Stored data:
━━━━━━━━━━━━━━━━━━━━

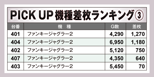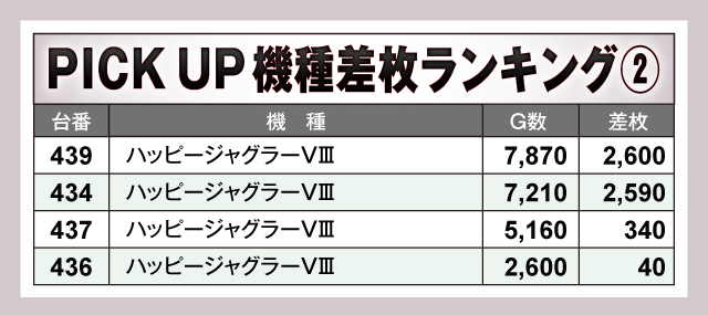 今回のPICK UP機種は全てジャグラーシリーズで、『マイジャグラーⅤ』の+3,010枚を皮切りに多数の好調台を確認。最終的に4機種合わせた全55台のうち半数以上の30台がプラス差枚となっているだけに、それぞれのシマは終日大盛況。ファンにとって充実の一日となったのは間違いないだろう。
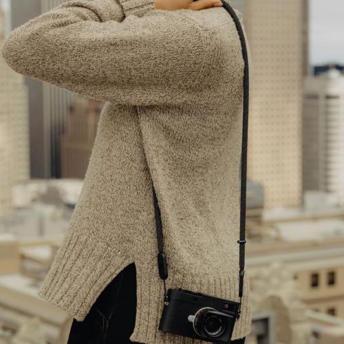 Em vez de corda de escalada abrasiva cosida a anéis metálicos volumosos, concebemos internamente os nossos próprios materiais e componentes para criar uma forma simplificada, com uma experiência de ligação excepcional. A corda em nylon/poliéster, tecida em padrão basket-weave e desenvolvida internamente, oferece o equilíbrio ideal entre resistência, amortecimento e elasticidade, garantindo um transporte confortável da câmara.
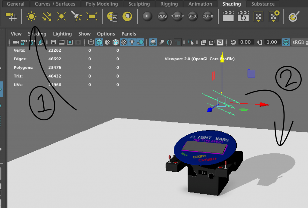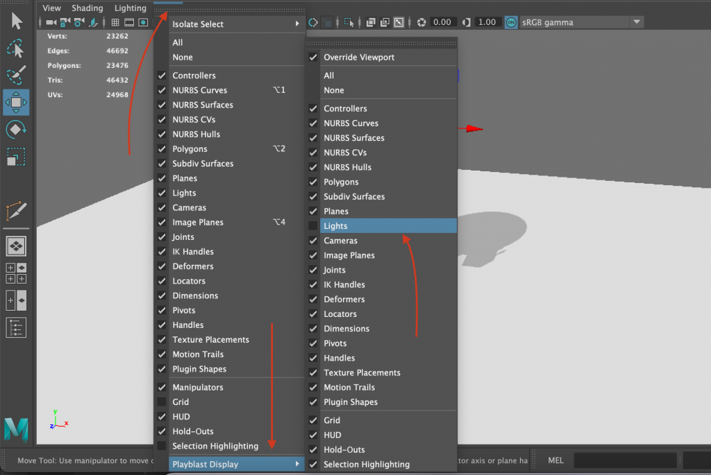 One thing that was helpful is that in the playblast display settings, I was able to hide any unnecessary icons and assets from the final image. This includes the lighting indicator, which would still project light on to the subject, but the final image would not show the directly editable source.
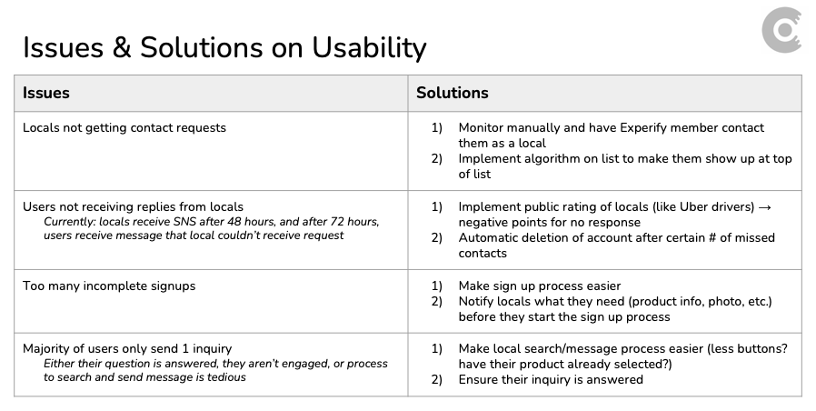 Through looking at the analytics, user flow, and the step-by-step evaluation I performed, I listed out possible opportunities for improvement — both in terms of UI usability and the bigger concept of Experify's product.
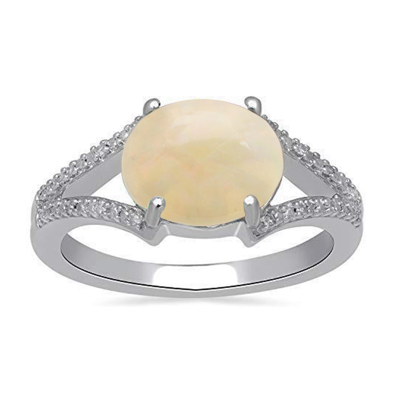 • Sterling Silver With Oval Shape Ethiopian Opal and Natural White Round Diamond Accents Ring
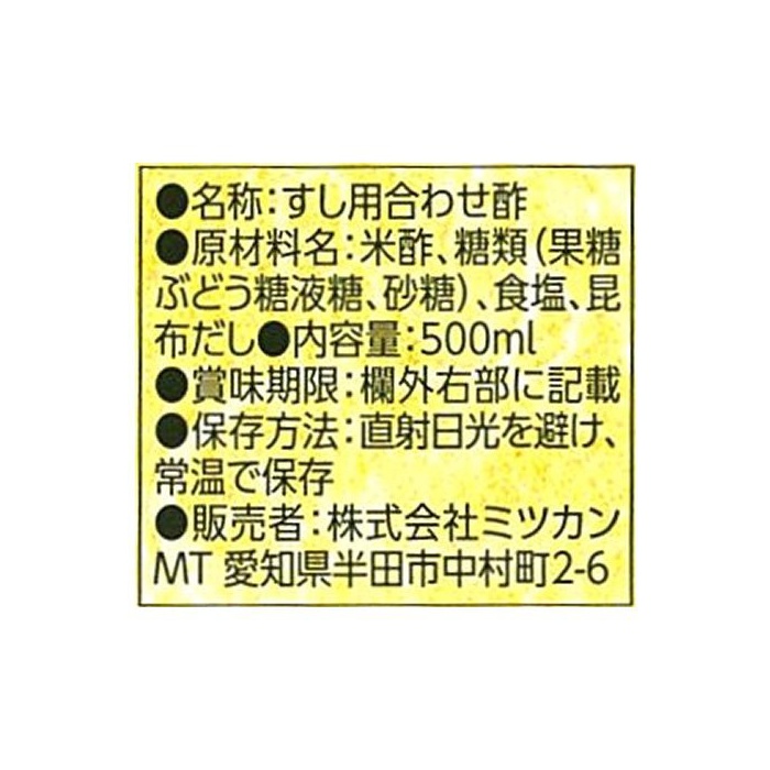원본상품명: ミツカン すし酢 昆布だし入り 500ml
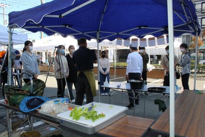 学院高校は、大学生リーダー達のキャンプ料理ブースをお手伝いしました。
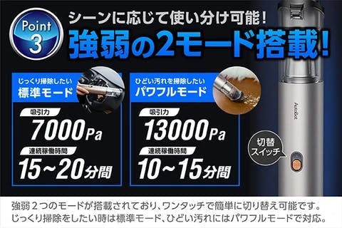 もちろん、標準モードでも、一般的なコンパクトハンディクリーナーや、「AutoBot」旧モデルよりも強い吸引力を実感頂けるはずです。

━━━━━━━━━━━━━━━━━━━━

* _EXERCISE_: Give the data above again exactly. Leave the pictures out.

* _RESPONSE TO THIS TASK_:
 今回のPICK UP機種は全てジャグラーシリーズで、『マイジャグラーⅤ』の+3,010枚を皮切りに多数の好調台を確認。最終的に4機種合わせた全55台のうち半数以上の30台がプラス差枚となっているだけに、それぞれのシマは終日大盛況。ファンにとって充実の一日となったのは間違いないだろう。
 Em vez de corda de escalada abrasiva cosida a anéis metálicos volumosos, concebemos internamente os nossos próprios materiais e componentes para criar uma forma simplificada, com uma experiência de ligação excepcional. A corda em nylon/poliéster, tecida em padrão basket-weave e desenvolvida internamente, oferece o equilíbrio ideal entre resistência, amortecimento e elasticidade, garantindo um transporte confortável da câmara.
 One thing that was helpful is that in the playblast display settings, I was able to hide any unnecessary icons and assets from the final image. This includes the lighting indicator, which would still project light on to the subject, but the final image would not show the directly editable source.
 Through looking at the analytics, user flow, and the step-by-step evaluation I performed, I listed out possible opportunities for improvement — both in terms of UI usability and the bigger concept of Experify's product.
 • Sterling Silver With Oval Shape Ethiopian Opal and Natural White Round Diamond Accents Ring
원본상품명: ミツカン すし酢 昆布だし入り 500ml
 学院高校は、大学生リーダー達のキャンプ料理ブースをお手伝いしました。
 もちろん、標準モードでも、一般的なコンパクトハンディクリーナーや、「AutoBot」旧モデルよりも強い吸引力を実感頂けるはずです。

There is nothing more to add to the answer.